SPRING:GPT-4 通过学习论文和推理优于强化学习算法
SPRING: GPT-4 Out-performs RL Algorithms by Studying Papers and Reasoning
May 24, 2023
作者: Yue Wu, So Yeon Min, Shrimai Prabhumoye, Yonatan Bisk, Ruslan Salakhutdinov, Amos Azaria, Tom Mitchell, Yuanzhi Li
cs.AI
摘要
开放世界生存游戏对AI算法提出了重大挑战,因为它们需要多任务处理、深度探索和目标优先级要求。尽管强化学习(RL)在解决游戏方面很受欢迎,但其高样本复杂性限制了其在复杂的开放世界游戏(如Crafter或Minecraft)中的有效性。我们提出了一种新方法,名为SPRING,通过阅读游戏的原始学术论文并利用所学知识来推理和玩游戏,采用了一个大型语言模型(LLM)。在以LaTeX源代码作为游戏背景和描述代理当前观察的情况的情况下,我们的SPRING框架采用了一个带有游戏相关问题作为节点和依赖关系作为边的有向无环图(DAG)。我们通过遍历DAG并按拓扑顺序计算每个节点的LLM响应来确定在环境中采取的最佳行动,LLM对最终节点的回答直接转化为环境行动。

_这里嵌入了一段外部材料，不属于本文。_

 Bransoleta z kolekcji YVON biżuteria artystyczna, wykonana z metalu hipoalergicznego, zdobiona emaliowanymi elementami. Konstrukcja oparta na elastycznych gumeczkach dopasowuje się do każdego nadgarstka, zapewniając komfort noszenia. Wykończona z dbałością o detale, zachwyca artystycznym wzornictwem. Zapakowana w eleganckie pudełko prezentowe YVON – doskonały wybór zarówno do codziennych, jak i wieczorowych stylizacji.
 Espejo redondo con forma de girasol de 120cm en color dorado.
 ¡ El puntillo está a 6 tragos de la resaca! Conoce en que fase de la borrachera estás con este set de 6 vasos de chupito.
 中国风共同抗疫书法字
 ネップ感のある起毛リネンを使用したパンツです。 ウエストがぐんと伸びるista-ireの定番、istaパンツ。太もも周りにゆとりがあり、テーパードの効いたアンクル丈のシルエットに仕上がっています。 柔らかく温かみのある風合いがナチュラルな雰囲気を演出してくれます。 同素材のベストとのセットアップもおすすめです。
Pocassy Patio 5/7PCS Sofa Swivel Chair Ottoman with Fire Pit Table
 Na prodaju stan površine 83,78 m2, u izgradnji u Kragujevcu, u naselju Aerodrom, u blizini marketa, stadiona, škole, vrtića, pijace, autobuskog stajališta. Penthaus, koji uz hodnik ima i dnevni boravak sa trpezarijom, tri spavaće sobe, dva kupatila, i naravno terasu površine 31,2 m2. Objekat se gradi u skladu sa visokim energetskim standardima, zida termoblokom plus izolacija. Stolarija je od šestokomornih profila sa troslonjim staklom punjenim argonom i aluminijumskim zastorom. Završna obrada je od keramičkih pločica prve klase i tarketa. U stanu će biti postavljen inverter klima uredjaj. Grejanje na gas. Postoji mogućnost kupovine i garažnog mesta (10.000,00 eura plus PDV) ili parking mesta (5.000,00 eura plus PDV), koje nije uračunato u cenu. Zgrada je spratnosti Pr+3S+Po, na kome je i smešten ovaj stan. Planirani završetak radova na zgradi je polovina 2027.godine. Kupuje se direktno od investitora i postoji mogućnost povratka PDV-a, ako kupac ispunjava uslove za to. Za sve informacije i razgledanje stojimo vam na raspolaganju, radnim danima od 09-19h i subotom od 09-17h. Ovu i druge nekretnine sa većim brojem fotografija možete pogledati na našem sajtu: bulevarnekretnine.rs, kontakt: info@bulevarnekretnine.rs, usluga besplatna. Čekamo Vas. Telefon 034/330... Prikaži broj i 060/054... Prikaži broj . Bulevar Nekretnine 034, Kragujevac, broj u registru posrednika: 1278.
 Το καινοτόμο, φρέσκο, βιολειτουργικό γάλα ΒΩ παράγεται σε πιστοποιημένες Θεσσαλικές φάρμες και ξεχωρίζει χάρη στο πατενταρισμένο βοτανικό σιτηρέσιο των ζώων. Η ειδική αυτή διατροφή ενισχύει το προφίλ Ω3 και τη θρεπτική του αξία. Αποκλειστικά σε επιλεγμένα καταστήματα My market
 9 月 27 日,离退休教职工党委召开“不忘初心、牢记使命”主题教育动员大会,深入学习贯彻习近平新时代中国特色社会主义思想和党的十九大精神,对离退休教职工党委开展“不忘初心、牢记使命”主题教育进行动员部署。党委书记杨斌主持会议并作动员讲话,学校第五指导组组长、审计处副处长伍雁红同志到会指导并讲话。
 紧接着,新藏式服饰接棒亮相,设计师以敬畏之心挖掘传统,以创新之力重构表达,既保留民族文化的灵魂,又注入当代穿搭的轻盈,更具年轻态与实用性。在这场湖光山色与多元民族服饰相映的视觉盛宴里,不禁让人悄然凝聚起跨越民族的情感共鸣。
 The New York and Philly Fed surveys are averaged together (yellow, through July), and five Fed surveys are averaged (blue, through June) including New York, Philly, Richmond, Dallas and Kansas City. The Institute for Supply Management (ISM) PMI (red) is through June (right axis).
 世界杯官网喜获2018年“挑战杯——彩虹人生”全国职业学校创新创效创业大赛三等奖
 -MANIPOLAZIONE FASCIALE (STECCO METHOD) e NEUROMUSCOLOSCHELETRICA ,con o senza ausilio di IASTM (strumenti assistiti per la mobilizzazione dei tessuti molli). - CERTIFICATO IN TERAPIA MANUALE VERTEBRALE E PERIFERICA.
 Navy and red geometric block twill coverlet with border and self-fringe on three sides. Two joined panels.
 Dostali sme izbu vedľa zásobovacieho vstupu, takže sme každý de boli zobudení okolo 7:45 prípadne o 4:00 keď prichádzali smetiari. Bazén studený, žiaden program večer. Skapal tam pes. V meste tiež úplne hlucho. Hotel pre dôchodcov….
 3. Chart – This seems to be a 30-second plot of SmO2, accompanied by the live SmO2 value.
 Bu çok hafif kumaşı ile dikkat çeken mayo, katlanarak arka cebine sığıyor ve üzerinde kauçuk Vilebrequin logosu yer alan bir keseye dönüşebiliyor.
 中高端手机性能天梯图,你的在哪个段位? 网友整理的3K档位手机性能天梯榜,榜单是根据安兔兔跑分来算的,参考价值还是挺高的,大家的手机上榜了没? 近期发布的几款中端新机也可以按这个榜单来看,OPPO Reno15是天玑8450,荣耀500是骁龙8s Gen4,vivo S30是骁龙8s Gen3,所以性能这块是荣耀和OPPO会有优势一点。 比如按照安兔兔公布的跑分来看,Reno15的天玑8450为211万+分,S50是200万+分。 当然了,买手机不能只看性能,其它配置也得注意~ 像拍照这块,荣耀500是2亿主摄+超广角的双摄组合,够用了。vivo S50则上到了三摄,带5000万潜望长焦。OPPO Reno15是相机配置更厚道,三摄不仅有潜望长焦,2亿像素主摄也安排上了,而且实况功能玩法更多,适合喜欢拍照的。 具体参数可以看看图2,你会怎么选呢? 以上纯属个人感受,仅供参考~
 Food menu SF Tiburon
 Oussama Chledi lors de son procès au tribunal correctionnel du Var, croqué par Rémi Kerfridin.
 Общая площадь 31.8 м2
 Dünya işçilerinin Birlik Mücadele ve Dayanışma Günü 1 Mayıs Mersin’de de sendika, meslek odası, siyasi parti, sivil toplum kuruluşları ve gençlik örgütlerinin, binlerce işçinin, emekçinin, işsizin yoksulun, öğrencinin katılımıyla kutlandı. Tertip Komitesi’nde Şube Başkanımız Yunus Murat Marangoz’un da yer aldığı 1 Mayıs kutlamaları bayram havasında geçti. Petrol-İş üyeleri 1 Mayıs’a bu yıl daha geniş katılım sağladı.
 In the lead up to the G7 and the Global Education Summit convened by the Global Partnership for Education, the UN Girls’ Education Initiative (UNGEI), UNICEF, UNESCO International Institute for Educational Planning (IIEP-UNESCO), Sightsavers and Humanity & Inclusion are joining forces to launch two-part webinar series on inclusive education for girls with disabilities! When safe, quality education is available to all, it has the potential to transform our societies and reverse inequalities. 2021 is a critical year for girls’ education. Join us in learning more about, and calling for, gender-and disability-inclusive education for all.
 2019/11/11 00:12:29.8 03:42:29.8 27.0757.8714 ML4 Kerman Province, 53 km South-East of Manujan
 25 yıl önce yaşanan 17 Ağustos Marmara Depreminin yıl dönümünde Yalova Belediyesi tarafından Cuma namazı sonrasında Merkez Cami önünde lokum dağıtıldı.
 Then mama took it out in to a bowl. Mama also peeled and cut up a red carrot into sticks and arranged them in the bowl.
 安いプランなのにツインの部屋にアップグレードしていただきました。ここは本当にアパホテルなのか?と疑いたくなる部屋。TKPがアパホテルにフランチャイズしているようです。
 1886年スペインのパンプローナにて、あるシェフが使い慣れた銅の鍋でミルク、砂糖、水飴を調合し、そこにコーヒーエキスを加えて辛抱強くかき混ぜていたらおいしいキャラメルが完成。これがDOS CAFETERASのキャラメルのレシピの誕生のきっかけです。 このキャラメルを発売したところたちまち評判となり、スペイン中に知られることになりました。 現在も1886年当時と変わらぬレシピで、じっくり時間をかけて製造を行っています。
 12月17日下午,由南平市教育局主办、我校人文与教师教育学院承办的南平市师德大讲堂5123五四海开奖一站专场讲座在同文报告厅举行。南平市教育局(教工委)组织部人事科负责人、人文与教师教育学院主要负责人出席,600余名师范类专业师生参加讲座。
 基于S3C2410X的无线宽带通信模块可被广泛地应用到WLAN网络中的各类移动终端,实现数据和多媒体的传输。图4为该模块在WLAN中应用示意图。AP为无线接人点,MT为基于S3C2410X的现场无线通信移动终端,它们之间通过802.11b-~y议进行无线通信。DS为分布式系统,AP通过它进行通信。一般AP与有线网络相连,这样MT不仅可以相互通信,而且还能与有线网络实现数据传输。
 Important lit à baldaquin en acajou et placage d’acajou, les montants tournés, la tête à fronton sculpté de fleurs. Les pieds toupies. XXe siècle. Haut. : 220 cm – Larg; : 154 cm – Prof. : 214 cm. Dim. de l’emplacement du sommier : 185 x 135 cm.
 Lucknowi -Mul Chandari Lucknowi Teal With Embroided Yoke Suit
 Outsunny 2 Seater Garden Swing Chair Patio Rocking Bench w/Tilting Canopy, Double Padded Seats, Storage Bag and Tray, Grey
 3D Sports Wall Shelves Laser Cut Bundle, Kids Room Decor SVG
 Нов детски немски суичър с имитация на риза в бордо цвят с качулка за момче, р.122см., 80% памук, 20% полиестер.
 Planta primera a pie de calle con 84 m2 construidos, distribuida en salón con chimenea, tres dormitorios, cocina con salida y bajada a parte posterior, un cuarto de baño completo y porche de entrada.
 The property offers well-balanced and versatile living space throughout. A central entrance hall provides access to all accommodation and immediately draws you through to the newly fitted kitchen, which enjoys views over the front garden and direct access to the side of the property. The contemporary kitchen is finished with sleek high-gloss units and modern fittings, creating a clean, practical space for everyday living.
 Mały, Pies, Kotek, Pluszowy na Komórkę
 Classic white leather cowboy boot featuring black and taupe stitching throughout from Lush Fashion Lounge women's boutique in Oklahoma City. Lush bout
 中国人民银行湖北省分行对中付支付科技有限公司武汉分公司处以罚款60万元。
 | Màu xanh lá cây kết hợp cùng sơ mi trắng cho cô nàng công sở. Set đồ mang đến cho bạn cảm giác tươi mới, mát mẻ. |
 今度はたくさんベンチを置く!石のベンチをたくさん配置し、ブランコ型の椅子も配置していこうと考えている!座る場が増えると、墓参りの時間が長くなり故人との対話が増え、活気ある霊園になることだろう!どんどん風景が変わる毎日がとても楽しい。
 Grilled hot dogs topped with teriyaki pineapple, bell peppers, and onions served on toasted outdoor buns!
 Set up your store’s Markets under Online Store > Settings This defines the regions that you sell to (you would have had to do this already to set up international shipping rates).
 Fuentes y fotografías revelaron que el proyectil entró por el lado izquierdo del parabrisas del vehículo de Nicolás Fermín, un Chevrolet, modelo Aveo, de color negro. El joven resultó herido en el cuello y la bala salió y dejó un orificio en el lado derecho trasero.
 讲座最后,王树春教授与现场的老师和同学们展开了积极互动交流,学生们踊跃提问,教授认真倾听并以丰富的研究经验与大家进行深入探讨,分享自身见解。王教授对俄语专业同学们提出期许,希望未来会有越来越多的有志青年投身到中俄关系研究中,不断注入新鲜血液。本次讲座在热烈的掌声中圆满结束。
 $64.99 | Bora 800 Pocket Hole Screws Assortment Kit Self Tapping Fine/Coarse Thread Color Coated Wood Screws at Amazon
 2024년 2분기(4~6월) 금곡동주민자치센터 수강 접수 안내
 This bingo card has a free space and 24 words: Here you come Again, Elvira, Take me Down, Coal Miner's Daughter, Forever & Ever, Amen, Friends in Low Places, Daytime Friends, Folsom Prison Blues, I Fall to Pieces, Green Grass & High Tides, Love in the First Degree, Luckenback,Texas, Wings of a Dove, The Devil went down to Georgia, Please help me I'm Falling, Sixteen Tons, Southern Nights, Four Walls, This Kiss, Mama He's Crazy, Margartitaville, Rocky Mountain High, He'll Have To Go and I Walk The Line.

在我们的实验中,我们研究了在Crafter开放世界环境设置下,不同形式提示下引发的上下文“推理”的质量。我们的实验表明,当LLM以一致的思维链提示时,在完成复杂的高级轨迹方面具有巨大潜力。定量上,使用GPT-4的SPRING胜过所有最先进的RL基线,在进行100万步训练的情况下,无需任何训练。最后,我们展示了游戏作为LLM测试平台的潜力。
English
Open-world survival games pose significant challenges for AI algorithms due
to their multi-tasking, deep exploration, and goal prioritization requirements.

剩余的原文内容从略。